Best way to interact with PDF 2025

Fascinating what you can get with single prompts now…

A 3D model of a wooden shelf with variously sized compartments is rotating on a black background. (Captioned by AI)

1 Like

Pretty neat. Reminds me of something I have on my todo list for my app, which is to be able to submit each piece of content (it’s a block-based CMS similar to how Jupyter Notebooks is block-based) to OpenAI chat completions API just to ask it to assign hashtags (for semantics) to the content, so that it can build up a kind of “semantic network” automatically where the user can sort of brows things kind of like a Mind Map.

EDIT: For consistency I’ll probably pre-define the set of hashtags, and so that request will really be for ChatGPT to select which tags are applicable.

yep… that’s what my system is going to provide… I mean you already see the mindmap there…

No need to build it… will be open source

Actually to label the images you can draw a so called feature on a map and save the result as geojson and create an svg from the image + lable data and then train a cnn on that to find that kind of stuff…

imagine this but without the map and instead you add the image as background image…

https://bohrloch.kreuzung1.de/

It may have just been a coincidence that you mentioned geographical maps (which was interesting btw), as a response to “mind maps”, but what I meant was this:

Anyway we’ve sort of hijacked this thread, which was supposed to be about dealing with PDFs. I need to search this forum to see where the discussions about GraphRAG are all happening.

Best way to interact with PDF 2025 - #41 by jochenschultz I was refereing to this - which is a tree or graph like a mindmap is a tree/graph as well.

The map was for

And I assumed you wanted to label images as well. I see anything as a document - and inside PDF you will find images, diagrams, floorplan drawings and whatnot…

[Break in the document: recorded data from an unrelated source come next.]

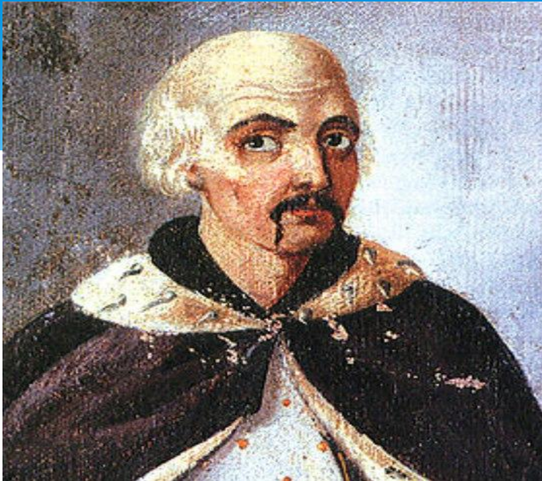
* Северин Наливайко
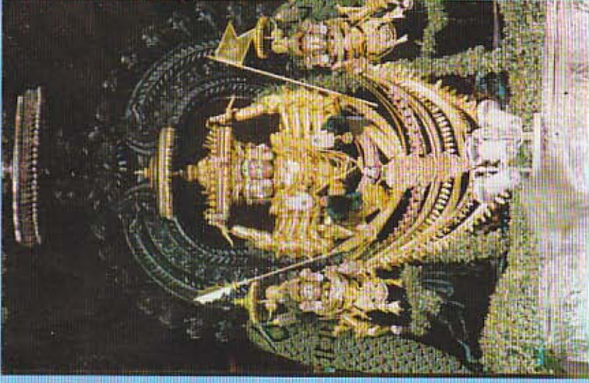
ஆறுமுகன் தேரால் இறங்கிவருகிறார்
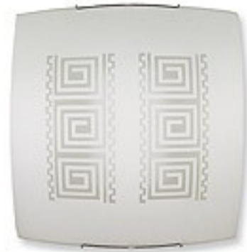
O1465 ↔ 8 cm ↔ 40 cm I 40 cm 2xE27 max 60W
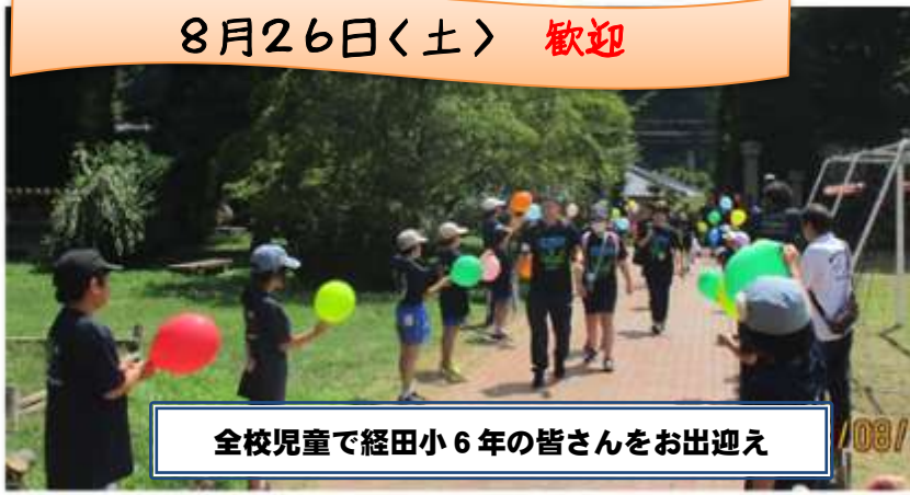
全校児童で経田小6年の皆さんをお出迎え
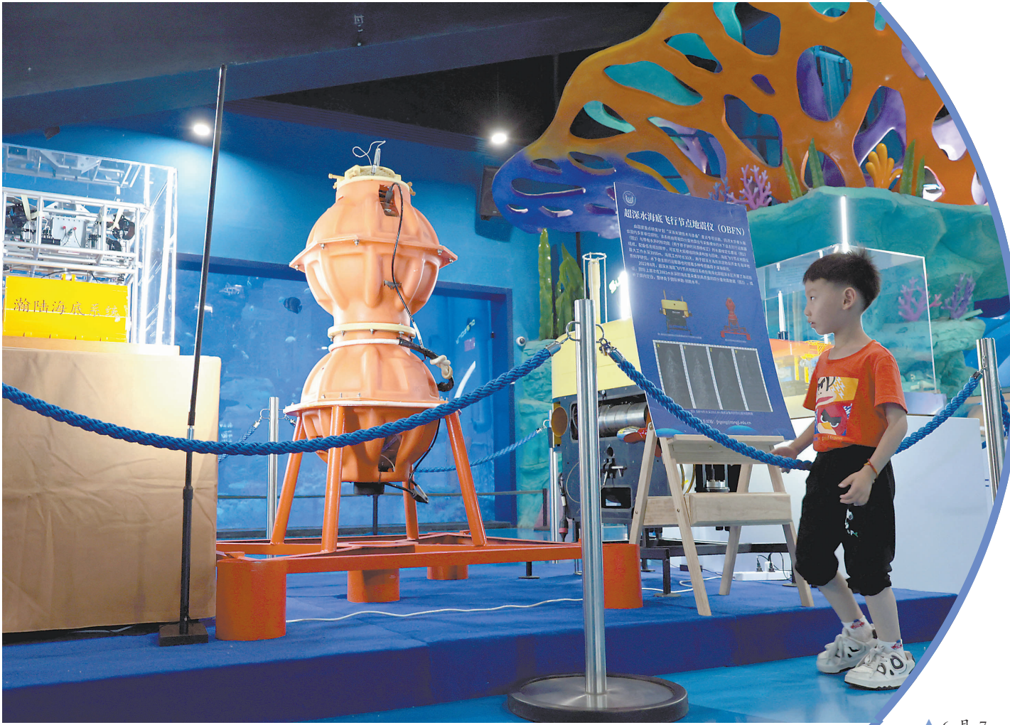
▲6月7日,一名小朋友在中国大洋协会成立35周年成就展现场了解起深水海底飞行节点地震仪。
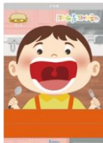
아이 얼굴 판

5월 셋째 주 추천 놀이입니다. 영상은 5월 21일부터 보실 수 있습니다.
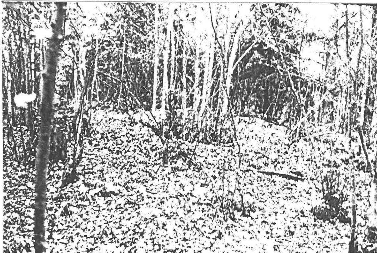
F.a. 3063. KUOPPA VALOKUVATTUNA PÖHJOISESTA. 25.9.1989, KINO.
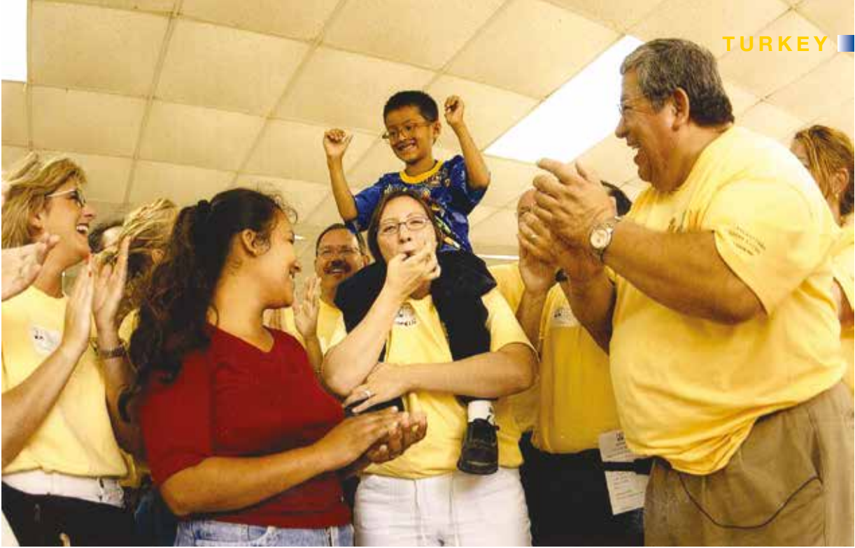
6 yaşındaki Ekvatorlu çocuk girdiği görme sınavından sonra LCIF tarafından bir çift gözlük ile ödüllendirilirken....

körlüğünü engellemeyi başardı. Nehir körlüğünü engelleyen Merck-bağışlı Mektizan'ın dozajı 1 dolardan daha az maliyete sahipti. 20 dolar kadar bir maliyet ile katarakt ameliyatı mümkün kılındı. SightFirst projesinin ilk 15 yılında, 20 milyon insanın görme kaybı riski engellendi. SightFirst projesinin yararları yıllarca devam etti. Bu proje ile 207 göz kliniği tesisi kuruldu, 314 tesis, ekipman bağışı ile desteklendi ve 83,000 civarında göz bakım uzmanı eğitildi.
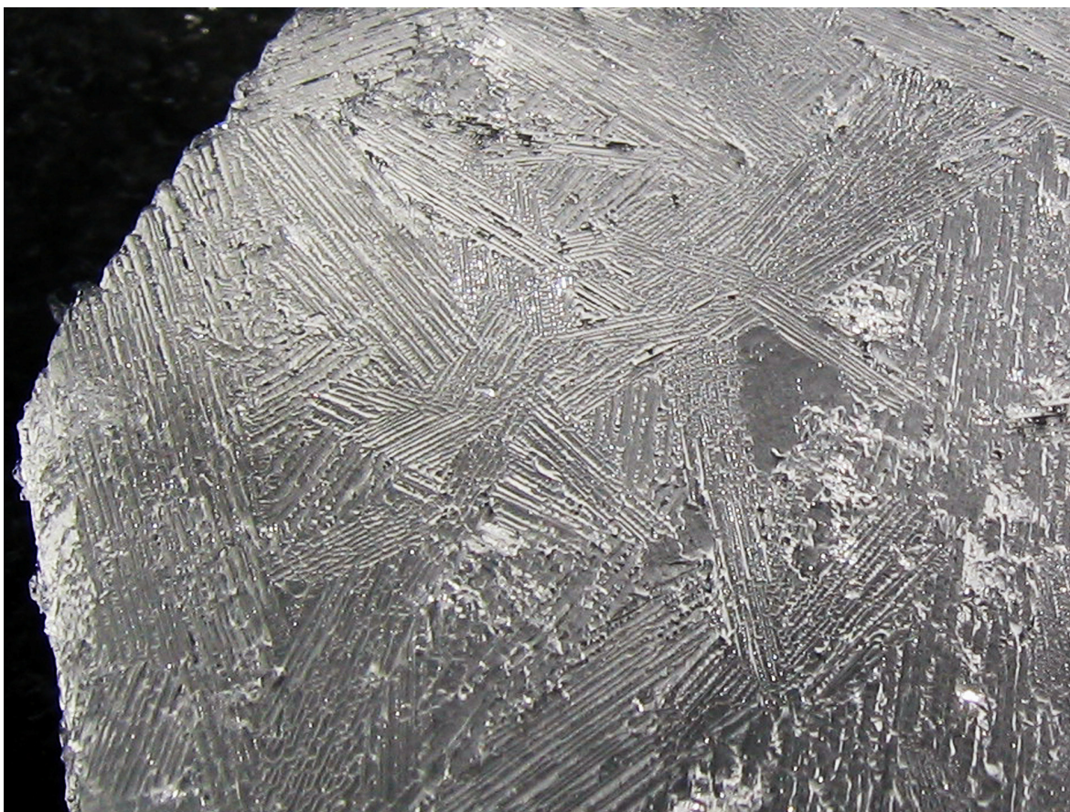
Figur 1. Undersidan av en bit saltis med tydliga lameller. Avståndet mellan lamellerna är knappt en millimeter, mindre än iskristallernas storlek. Kristallgränserna kan urskiljas där lamellmönstret ändrar riktning. (Nysis på Mälbyfjärden, Stockholms södra skärgård, februari 2004)

En annan speciell egenskap hos saltis är att undersidan inte är slät och kompakt, som hos sötis, utan består av friliggande lameller (figur 1). Tillsammans gör dessa egenskaper att bärigheten hos saltis aldrig går att bedöma enbart utifrån isens tjocklek. Dessutom är saltisen besvärligare att bedöma utifrån ljud och utseende, samt även med piken.
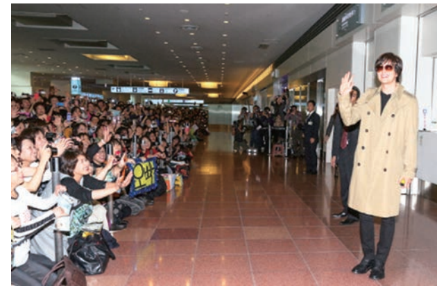
ペ・ヨンジュンが初来日。5000人を越すファンが詰めかける(2004年4月3日、羽田空港)
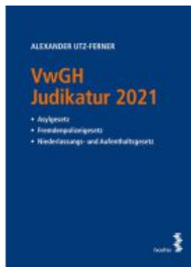
VwGH Judikatur 2021 Ladenpreis: 78,00EUR
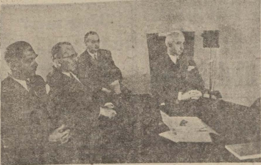
Ankara Foto muhabirimizin tayyare ile yolladığı resim: Millî Şef, Başvekil, Maarif Vekili ve Parti Genel Sekreteri ile birlikte dil kurultayında müzakereleri dinlerlerken
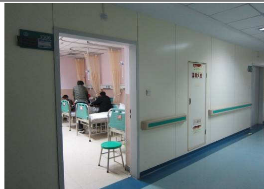
10月27日包鋼醫院病室及懸吊點滴架
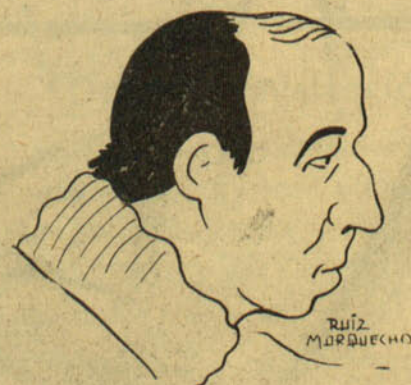
El Presidente del C. P. de Asistencia Social
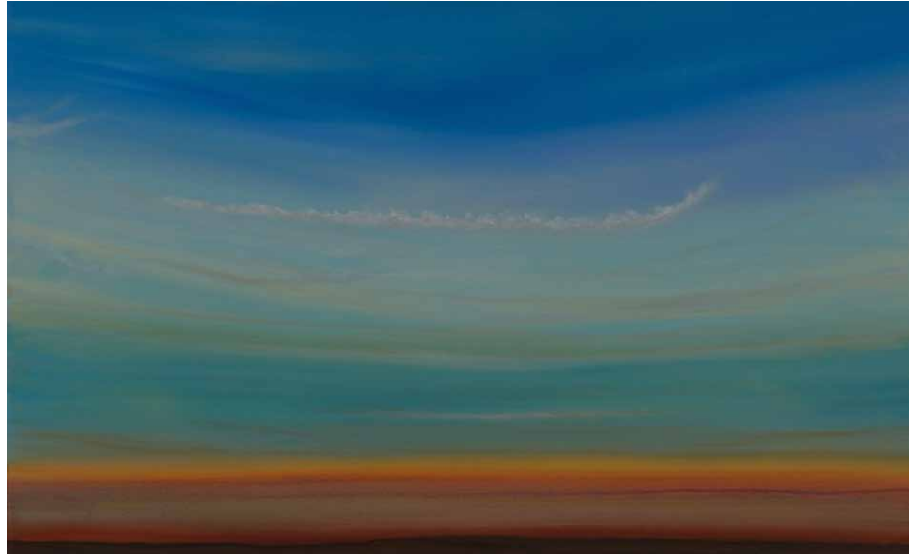
Abendstimmung 80x130 cm, 2010

When viewed under various lighting conditions, the acrylic glaze reveals ever changing new impressions. The discriminative eye experiences the calming effects of the sky.
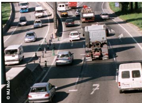
La mobilitat per motius laborals representa el 20% dels desplaçaments

El Decret 152/2007, impulsat per la Generalitat l'any 2007, preveu una sèrie de mesures destinades a restablir la qualitat de l'aire a 40 municipis de la RMB, declarats zona de protecció especial. Entre les mesures relacionades amb la mobilitat, fora de les mediàtiques relacionades amb la limitació de velocitat, una de les més importants era l'obligatorietat de redactar plans de desplaçaments d'empresa, abans del 31 de desembre de 2008, en els centres de treball privats de més de 500 treballadors/es, i públics de més de 200. En total, es calcula que el nombre d'empreses afectades és d'unes 200. Segons dades de l'ATM d'abril de 2009, els plans presentats són 12, i només 2 estableixen objectius quantificats de millora de la situació ambiental. Aquesta situació és especialment greu si tenim en compte que la mobilitat per motius laborals representa
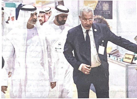
..ومعاليه خلال جولته في أجنحة المعرض
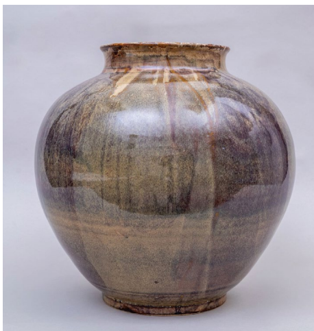
ג'קרנדה קורי

מפגש נוסף לזיגוג עבודות בסטודיו פתוח – תאריך יקבע בסדנה Glazing in the open studio – date to be determined
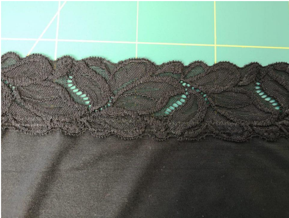
5. Detail našití
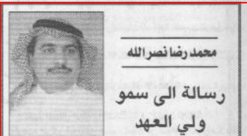
محمد رضا نصرالله رسالة الى سمو ولي العهد

الظهران/اليوم يبدن صاحب السمو الملكي الأمير عبدالله بن عبدالعزيز ولي العهد نائب رئيس مجلس الوزراء رئيس الحرس الوطني ظهر اليوم معمل غاز الحوية الذي ينتج نحو 1,4 بليون قدم مكعبة قياسية من الغاز في اليوم ويرفع امدادات الغاز في المملكة بما يزيد على 30 بالمائة. وقال عبدالله صالح بن جمعة رئيس شركة ارامكو السعودية كبير ادارييها التقنيين ان مشروع غاز الحوية يمثل فقرة عملاقة في مسار تم التخطيط له بدقة وبالغ لتلبية الطلب المتزايد بسرعة مطردة على الغاز في المملكة ويمثل برنامج الغاز في الحوية بما فيه من شبكة انابيب مترابطة ومعامل للمعالجة وشبكة للتوزيع رمزاً للابتكار وكفاءة الاداء والخبرة السعودية التي تنفذها ارامكو السعودية.

So it absolutely makes sense to talk about a graph/tree when talking about pdf data extraction especially in the context of multi modal GraphRAGs

Right, I agree, I’ve been trying for years to convince people to treat documents as tree structures. :slight_smile:

https://clay-ferguson.github.io/quantizr/user-guide/#5fa1df7eb4bd3b0a753229da

I also say “Conversations” (whether it’s Social Media as human-to-human or discussions with an LLM Chat Bot) are Tree Structures too!! With a Tree-centric view of “AI Chats”, you can go back to any prior point in the conversation and “branch off”, by doing a different reply than what your initial reply was.

AWS textract does that as well.

I started converting html documents to a so called nested set back in 2003 which allowed for fast retrival from the trees and worked well for scraping static pages.

1 Like

Hey @jochenschultz , was really excited by this project - was looking for something exactly like this!
Has it been released as an open source repo somewhere?